P06 Pandas#

1. Introduction to Pandas and DataFrame#

Pandas模仿Matlab或R的dataframe的函式庫。在資料科學逐漸發展的過程,這些資料大多以類似統計軟體或者Excel等試算表(Sheet)的狀態儲存,也就是二維的表格,且通常是直欄為變數、而橫列為資料列。

把這些資料讀進Python時,固然可以讀成List-of-dictionary或List-of-list的型態,但大部分資料操作的思考邏輯,都是以欄和列為基礎,例如增加一個欄是refactor以後的結果、或者篩選出某些變數符合條件的資料列,或者依據某個欄來重新排列資料列的位置。而Pandas可以說就是被設計來滿足這樣的需求的,

隨著資料科學受世人重視,而發展的越來越完整。例如,Pandas中便有以下函式:

  1. Reading files: pd.read_csv('data.csv')或讀取JSON pd.read_json('data.json')

  2. Filtering data: Slicing data df[0:10]、Selecting data df['col1']、Filtering data df[df['col1'] > 0]

  3. Mutating a new variable(on column), Observing a variable, Changing data type

  4. Arranging (Sorting) data: df.sort_values(by = 'col1')

  5. Summarizing data (group by columns): df.groupby('col1').mean()

  6. NA removal: df.dropna(), Duplicate removal: df.drop_duplicates(inplace = True)

  7. Basic correlation: df.corr()

  8. Pivot table and reshape data: df.pivot_table(index = 'col1', columns = 'col2', values = 'col3')

  9. Joining data: pd.merge(df1, df2, on = 'col1')

  10. Concatenating data: pd.concat([df1, df2])

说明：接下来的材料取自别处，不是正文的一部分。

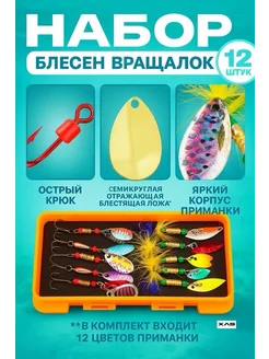 Блесна вращалки набор 12в1 для рыбалки в кейсе

學習資源:Pandas cheat sheet (from pandas)

2. Creating dataframe#

Most datasets can be thought of in a tabular form, where rows represent individual records and columns represent attributes. This is why the Pandas DataFrame is such a powerful and widely used tool. Unlike a simple one-layer List or Dict, real-world data often comes in more complex structures—such as nested lists/dictionaries, or collections of multiple lists and dictionaries. Among these, the most common and practical format is the list of dictionaries, which maps naturally to rows and columns and can be easily converted into a DataFrame for analysis.

import pandas as pd

data = [
    {"name": "Alice", "age": 25, "city": "Taipei"},
    {"name": "Bob", "age": 30, "city": "Tainan"},
    {"name": "Cathy", "age": 28, "city": "Taichung"}
]

df = pd.DataFrame(data)
df
name age city
0 Alice 25 Taipei
1 Bob 30 Tainan
2 Cathy 28 Taichung

2.1 Read CSV: 違規藥品廣告#

違規藥品廣告資料集 https://data.nat.gov.tw/dataset/14196

The dataset contains information about illegal drug advertisements, including the name of the drug, the type of advertisement, the date it was reported, and the source of the report. We will use pd.read_csv() to read the url and load the data into a DataFrame.

import pandas as pd
drug_df = pd.read_csv('https://raw.githubusercontent.com/p4css/py4css/main/data/drug_156_2.csv')
drug_df.head()
違規產品名稱 違規廠商名稱或負責人 處分機關 處分日期 處分法條 違規情節 刊播日期 刊播媒體類別 刊播媒體 查處情形
0 維他肝 豐怡生化科技股份有限公司/朱O NaN 03 31 2022 12:00AM NaN 廣告內容誇大不實 02 2 2022 12:00AM 廣播電台 噶瑪蘭廣播電台股份有限公司 NaN
1 現貨澳洲Swisse ULTIBOOST維他命D片calcium vitamin VITAM... 張O雯/張O雯 NaN 01 21 2022 12:00AM NaN 廣告違規 11 30 2021 12:00AM 網路 蝦皮購物 輔導結案
2 ✈日本 代購 參天製藥 處方簽點眼液 蘇O涵/蘇O涵 NaN 01 25 2022 12:00AM NaN 無照藥商 08 27 2021 12:00AM 網路 蝦皮購物 NaN
3 ✈日本 代購 TSUMURA 中將湯 24天包裝 蘇O涵/蘇O涵 NaN 01 25 2022 12:00AM NaN 無照藥商 08 27 2021 12:00AM 網路 蝦皮購物 輔導結案
4 _Salty.shop 日本代購 樂敦小花 曾O嫺/曾O嫺 NaN 02 17 2022 12:00AM 藥事法第27條 無照藥商 12 6 2021 12:00AM 網路 蝦皮購物 處分結案
# `%who` is a magic command that lists all variables of the current session
%who
drug_df	 pd	 

2.2 Properties of DataFrame#

Display and rename columns

  1. head() To get a quick overview of a DataFrame, we can use the .head() method. By default, it displays the first five rows, allowing us to quickly check the structure and content of the dataset.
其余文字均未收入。